Let's compare 3 approaches. The first is the for
loop in your question. A second is the one Ronak answered, using ifelse()
which makes the operation faster. However, the operator %in%
itself is somewhat slow, so if performance is really a concern you can get an even faster solution using indexing with names.
For example, using the words
dataset in the package stringr
:
library(stringr)
DF1 <- data.frame(column1 = sample(words, 700))
DF2 <- data.frame(column1 = sample(words, 700))
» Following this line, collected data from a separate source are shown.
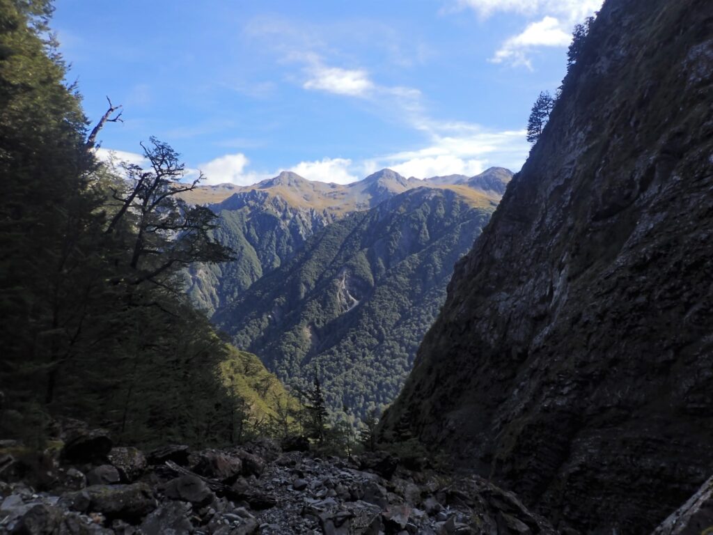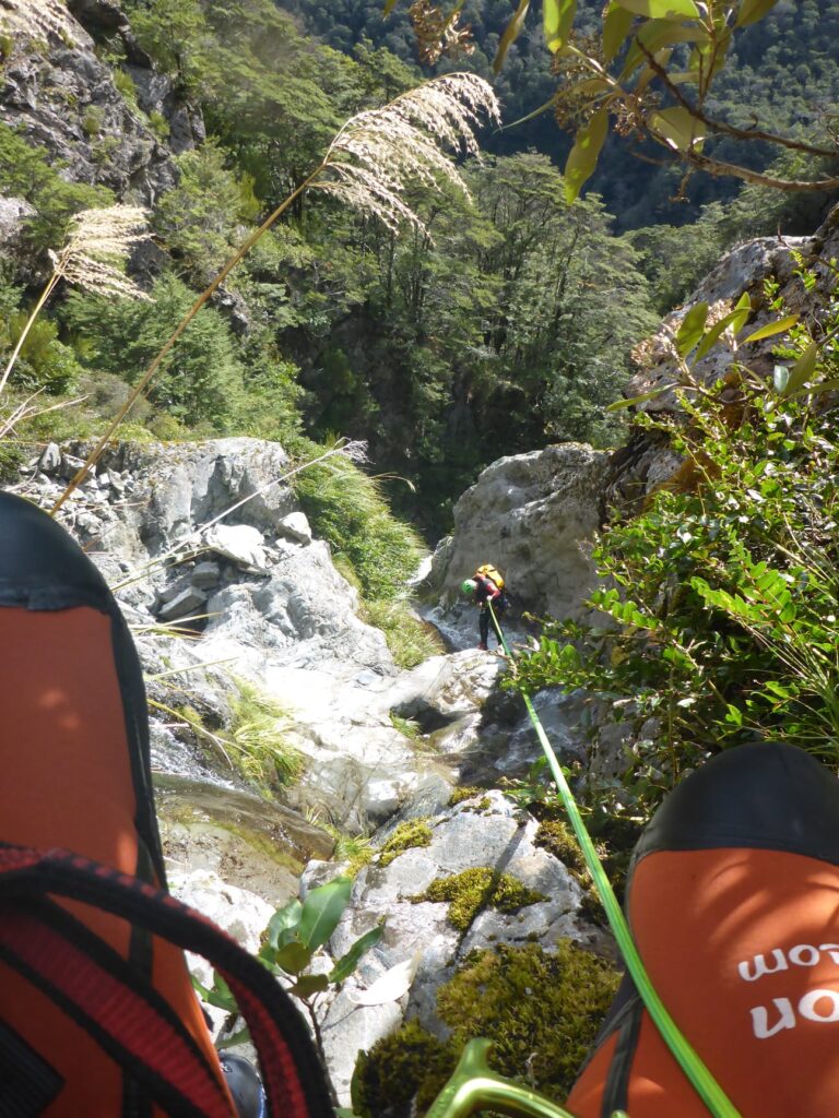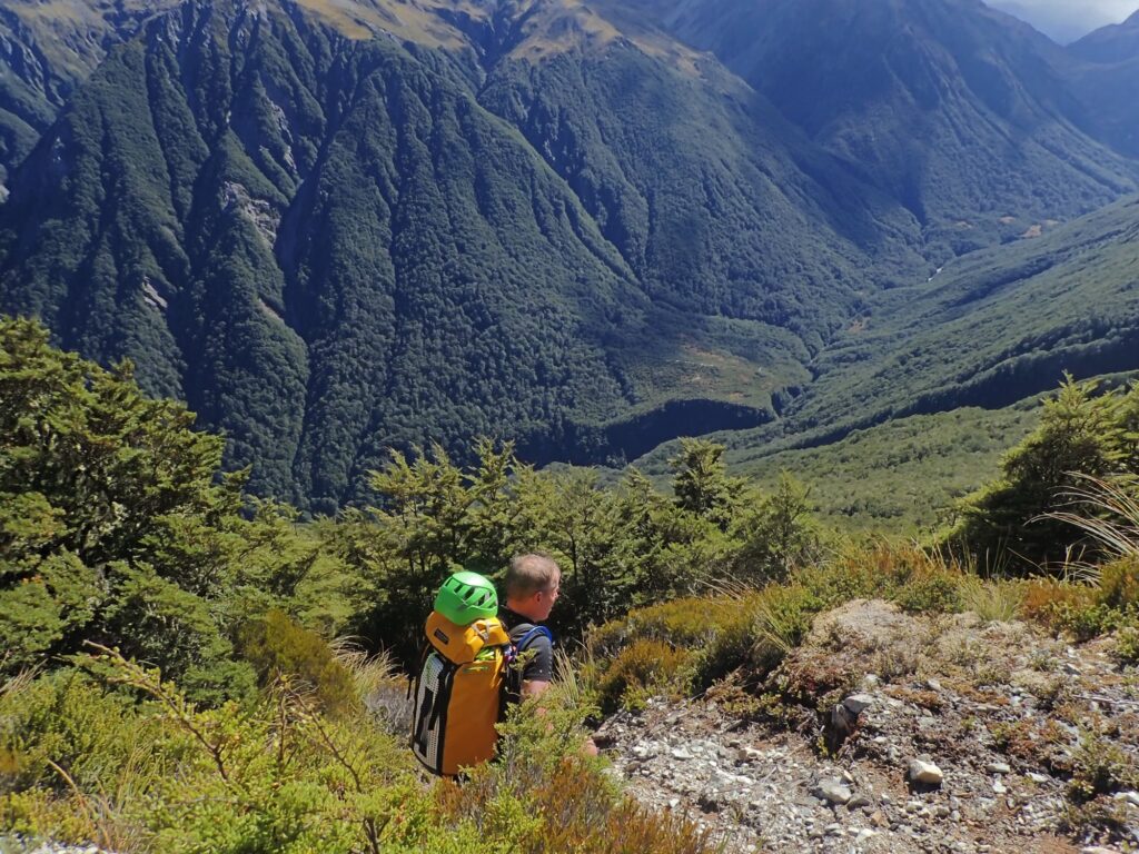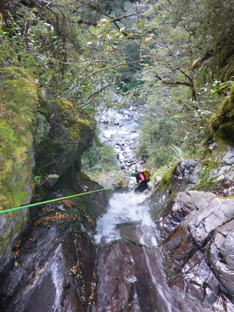 “We spotted the last drop when we descended the Mingha gorge 3 weeks back, and yesterday decided to follow it down from the tops. Crossed the river just before the boardwalks begin, and hiked directly up to Williams Saddle tarns. Beech forest provides good terrain, with a number of animal tracks to follow.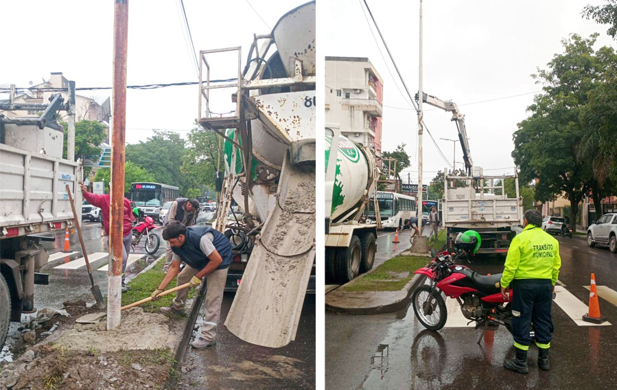 La columna habia sufrido un inclinación al ser impactada por un camión.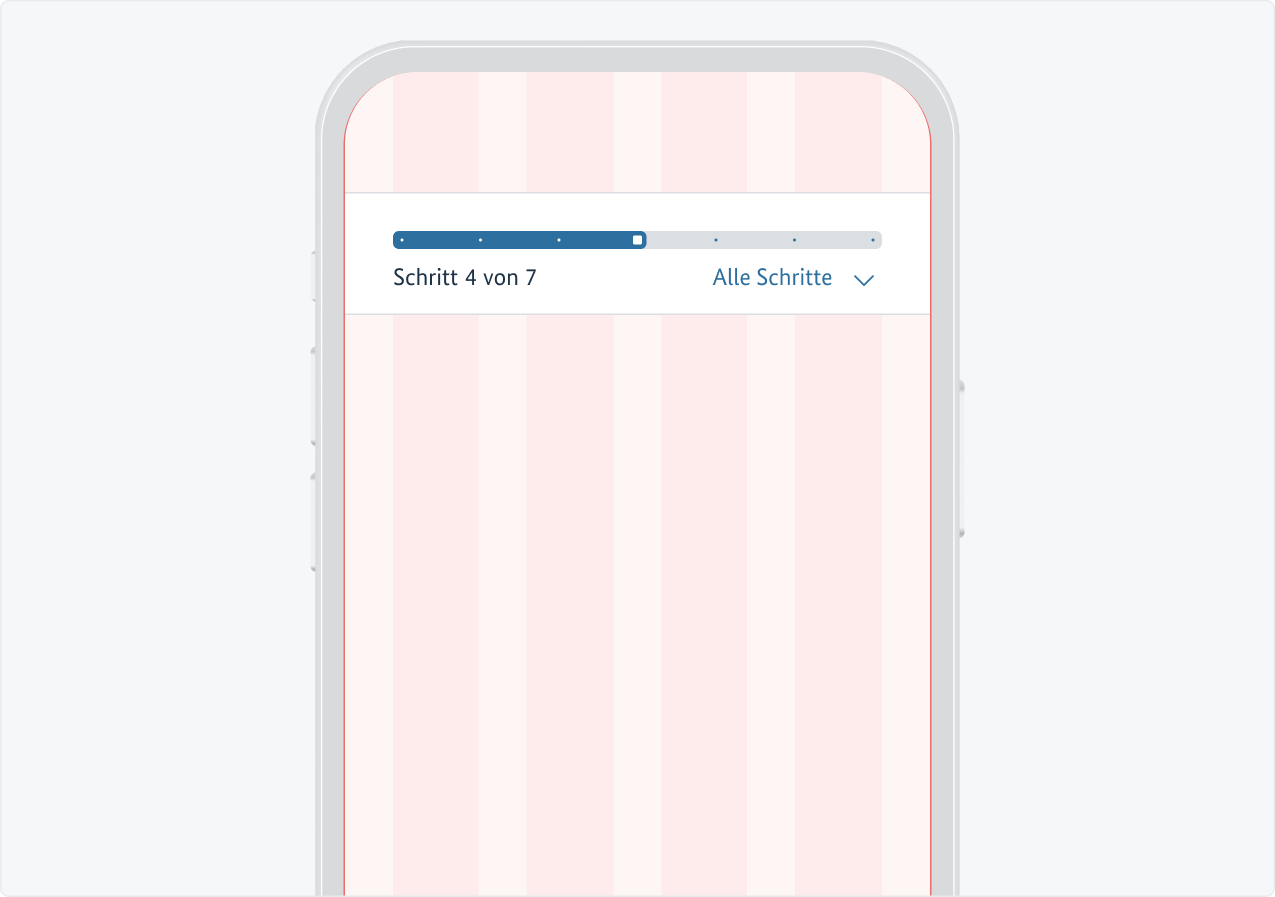 - Die Fortschrittsnavigation nimmt die volle Breite des Viewports ein. Das Padding innerhalb der Komponente muss mit dem Seitenabstand übereinstimmen, dass die Inhalte der Komponente im Grid liegen.

We can compare these methods:
bench::mark(for_loop={
res1 <- character(nrow(DF1))
for (i in seq_len(nrow(DF1))){
if (DF1$column1[i] %in% DF2$column1){
res1[i] <- "YES"
}
}
res1
},
ifelse = {
res2 <- ifelse(DF1$column1 %in% DF2$column1, "YES", "")
},
by_names = {
res3 <- setNames(rep("", nrow(DF1)),
DF1$column1)
res3[intersect(DF1$column1, DF2$column1)] <- "Yes"
},check = FALSE)
# A tibble: 3 x 13
# expression min median `itr/sec` mem_alloc `gc/sec` n_itr n_gc
# <bch:expr> <bch:tm> <bch:tm> <dbl> <bch:byt> <dbl> <int> <dbl>
# 1 for_loop 7.94ms 8.49ms 112. 3.8MB 8.98 50 4
# 2 ifelse 200.6us 214.8us 4494. 60.7KB 4.09 2197 2
# 3 by_names 73.4us 78.2us 12342. 73.9KB 17.5 5628 8
# ... with 5 more variables: total_time <bch:tm>, result <list>, memory <list>,
# time <list>, gc <list>
As you can see, the ifelse
method is 40x faster than the for
loop, and indexing by name is 3x faster than with ifelse
.
If the ifelse
method is fast enough, you should use it as it is easier to read, but if your dataset is too big, selecting by name can add some welcome performance.
NB: the three solutions do give the same result, but the third method has names, hence the check=FALSE
argument.